- [HOW TO COMPLETE THIS TASK]
Please find the lines in the entries below that contain the word "while", and copy each one.

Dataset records
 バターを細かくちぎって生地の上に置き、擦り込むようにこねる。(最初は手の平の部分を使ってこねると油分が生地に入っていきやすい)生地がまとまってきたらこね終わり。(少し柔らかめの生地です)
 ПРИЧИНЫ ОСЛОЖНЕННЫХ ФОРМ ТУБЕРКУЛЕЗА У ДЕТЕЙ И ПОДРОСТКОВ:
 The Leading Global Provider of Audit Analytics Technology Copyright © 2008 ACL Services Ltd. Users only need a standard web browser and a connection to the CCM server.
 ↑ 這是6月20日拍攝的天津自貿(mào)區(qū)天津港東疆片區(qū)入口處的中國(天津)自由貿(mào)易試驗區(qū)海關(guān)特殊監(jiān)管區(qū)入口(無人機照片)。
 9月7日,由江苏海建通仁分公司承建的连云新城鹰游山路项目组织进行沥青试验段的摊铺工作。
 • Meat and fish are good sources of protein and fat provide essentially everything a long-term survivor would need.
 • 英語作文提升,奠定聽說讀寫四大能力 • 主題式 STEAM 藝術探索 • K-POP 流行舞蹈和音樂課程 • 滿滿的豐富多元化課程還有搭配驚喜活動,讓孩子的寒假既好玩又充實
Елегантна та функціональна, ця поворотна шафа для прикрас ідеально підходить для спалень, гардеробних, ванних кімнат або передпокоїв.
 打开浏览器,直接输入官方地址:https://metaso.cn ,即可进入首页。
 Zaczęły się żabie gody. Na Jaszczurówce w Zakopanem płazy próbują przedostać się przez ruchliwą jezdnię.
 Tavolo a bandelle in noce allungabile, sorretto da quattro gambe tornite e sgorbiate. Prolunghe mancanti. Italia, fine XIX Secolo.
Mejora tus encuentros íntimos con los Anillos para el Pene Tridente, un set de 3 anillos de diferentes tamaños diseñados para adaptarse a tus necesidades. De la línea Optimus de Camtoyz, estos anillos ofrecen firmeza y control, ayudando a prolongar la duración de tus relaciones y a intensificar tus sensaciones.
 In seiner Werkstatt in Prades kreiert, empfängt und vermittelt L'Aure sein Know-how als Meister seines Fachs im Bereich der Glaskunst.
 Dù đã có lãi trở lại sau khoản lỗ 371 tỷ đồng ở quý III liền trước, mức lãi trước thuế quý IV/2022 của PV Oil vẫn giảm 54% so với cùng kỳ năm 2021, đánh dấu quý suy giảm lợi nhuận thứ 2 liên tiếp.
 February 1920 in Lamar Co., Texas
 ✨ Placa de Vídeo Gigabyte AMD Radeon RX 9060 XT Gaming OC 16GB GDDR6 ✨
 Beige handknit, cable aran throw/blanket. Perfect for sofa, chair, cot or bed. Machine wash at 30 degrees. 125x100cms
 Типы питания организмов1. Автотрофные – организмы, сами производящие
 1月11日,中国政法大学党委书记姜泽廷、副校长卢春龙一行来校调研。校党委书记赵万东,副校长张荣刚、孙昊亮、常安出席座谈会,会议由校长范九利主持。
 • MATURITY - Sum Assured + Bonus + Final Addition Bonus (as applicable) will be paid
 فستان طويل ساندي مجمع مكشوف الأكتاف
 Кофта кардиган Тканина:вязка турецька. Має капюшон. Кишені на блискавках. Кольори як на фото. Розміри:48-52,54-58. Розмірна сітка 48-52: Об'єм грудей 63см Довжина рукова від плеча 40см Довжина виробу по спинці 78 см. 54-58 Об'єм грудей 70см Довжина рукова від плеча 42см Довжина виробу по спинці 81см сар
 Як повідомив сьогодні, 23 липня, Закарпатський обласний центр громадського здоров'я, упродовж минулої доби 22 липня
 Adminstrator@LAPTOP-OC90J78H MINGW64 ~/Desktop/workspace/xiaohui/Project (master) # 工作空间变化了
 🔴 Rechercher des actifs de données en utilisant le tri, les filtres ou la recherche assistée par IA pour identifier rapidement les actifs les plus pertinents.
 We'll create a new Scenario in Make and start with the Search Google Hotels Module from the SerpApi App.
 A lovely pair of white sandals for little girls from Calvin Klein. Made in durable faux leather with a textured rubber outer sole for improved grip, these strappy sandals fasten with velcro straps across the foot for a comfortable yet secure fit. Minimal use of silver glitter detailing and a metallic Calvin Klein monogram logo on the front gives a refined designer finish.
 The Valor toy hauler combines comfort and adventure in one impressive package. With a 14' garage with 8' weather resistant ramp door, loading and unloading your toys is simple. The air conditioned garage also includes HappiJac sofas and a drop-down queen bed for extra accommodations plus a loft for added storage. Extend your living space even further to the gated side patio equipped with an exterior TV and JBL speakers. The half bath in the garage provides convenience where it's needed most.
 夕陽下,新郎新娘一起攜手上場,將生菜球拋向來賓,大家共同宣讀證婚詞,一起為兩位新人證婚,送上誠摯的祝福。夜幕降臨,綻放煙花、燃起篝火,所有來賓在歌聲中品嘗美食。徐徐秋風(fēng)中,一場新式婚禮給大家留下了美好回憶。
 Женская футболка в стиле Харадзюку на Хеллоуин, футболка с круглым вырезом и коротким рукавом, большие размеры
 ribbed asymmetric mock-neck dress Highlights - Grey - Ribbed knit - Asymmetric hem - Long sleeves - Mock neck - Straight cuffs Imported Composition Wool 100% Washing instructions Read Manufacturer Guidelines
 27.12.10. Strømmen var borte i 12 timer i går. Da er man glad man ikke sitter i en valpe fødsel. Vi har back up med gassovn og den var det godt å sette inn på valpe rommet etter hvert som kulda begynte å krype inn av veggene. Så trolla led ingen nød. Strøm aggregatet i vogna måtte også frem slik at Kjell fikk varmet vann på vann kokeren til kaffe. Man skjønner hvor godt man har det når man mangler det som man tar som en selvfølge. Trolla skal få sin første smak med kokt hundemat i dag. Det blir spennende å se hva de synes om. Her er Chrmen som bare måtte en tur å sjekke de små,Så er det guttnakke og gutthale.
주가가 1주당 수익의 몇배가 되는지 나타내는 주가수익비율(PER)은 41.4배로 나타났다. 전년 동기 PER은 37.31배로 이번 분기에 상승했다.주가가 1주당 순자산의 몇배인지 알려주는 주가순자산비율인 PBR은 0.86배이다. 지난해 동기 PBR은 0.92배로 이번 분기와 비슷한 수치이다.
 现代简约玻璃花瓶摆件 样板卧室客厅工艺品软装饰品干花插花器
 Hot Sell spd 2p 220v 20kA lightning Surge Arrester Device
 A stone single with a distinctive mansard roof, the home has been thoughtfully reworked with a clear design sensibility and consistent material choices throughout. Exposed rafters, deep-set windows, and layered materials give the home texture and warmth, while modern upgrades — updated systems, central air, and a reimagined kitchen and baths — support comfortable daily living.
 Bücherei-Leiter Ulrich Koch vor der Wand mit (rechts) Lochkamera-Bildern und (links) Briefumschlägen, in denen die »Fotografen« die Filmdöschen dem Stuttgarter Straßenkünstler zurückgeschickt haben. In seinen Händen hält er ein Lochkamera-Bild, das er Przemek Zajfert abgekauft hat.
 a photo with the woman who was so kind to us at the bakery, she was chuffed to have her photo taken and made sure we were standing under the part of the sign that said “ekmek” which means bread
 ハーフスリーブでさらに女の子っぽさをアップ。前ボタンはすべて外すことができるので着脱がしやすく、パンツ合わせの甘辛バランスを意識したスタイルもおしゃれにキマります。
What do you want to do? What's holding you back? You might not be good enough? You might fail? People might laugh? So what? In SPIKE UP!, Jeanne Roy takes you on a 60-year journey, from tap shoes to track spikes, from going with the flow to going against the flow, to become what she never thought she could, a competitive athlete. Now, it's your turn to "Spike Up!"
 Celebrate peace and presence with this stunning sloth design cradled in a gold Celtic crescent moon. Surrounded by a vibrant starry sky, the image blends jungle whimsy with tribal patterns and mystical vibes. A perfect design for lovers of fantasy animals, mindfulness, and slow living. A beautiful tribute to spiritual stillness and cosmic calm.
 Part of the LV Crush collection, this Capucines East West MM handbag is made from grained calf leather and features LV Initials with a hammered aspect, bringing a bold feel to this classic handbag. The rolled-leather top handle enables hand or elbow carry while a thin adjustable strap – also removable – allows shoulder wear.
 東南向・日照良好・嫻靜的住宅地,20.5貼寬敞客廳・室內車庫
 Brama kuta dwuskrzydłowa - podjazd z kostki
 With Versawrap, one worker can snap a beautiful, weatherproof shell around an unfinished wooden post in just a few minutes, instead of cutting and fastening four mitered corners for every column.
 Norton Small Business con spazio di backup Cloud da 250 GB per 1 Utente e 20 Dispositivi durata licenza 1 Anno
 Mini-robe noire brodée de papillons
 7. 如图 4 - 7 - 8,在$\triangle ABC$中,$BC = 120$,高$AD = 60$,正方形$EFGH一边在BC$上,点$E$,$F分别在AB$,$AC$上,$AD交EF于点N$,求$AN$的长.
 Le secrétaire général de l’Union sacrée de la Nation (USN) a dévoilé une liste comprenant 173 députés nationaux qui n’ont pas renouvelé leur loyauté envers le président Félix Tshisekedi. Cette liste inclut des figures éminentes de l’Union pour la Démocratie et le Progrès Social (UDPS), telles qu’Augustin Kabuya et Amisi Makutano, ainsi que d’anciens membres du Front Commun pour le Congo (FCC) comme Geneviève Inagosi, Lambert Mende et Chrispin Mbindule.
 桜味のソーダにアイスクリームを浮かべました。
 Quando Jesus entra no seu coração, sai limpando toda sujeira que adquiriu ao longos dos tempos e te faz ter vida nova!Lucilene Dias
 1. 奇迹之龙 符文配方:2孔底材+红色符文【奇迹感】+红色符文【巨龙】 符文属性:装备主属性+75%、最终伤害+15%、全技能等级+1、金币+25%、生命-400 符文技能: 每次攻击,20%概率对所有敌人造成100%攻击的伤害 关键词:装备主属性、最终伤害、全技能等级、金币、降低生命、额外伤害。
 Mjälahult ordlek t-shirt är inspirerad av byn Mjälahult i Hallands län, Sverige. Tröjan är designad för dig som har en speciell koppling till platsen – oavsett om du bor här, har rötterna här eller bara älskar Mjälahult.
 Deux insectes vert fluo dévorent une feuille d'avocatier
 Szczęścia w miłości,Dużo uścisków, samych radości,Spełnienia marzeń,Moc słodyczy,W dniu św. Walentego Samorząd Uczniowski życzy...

- [ANSWER BOX]
 A stone single with a distinctive mansard roof, the home has been thoughtfully reworked with a clear design sensibility and consistent material choices throughout. Exposed rafters, deep-set windows, and layered materials give the home texture and warmth, while modern upgrades — updated systems, central air, and a reimagined kitchen and baths — support comfortable daily living.
 Part of the LV Crush collection, this Capucines East West MM handbag is made from grained calf leather and features LV Initials with a hammered aspect, bringing a bold feel to this classic handbag. The rolled-leather top handle enables hand or elbow carry while a thin adjustable strap – also removable – allows shoulder wear.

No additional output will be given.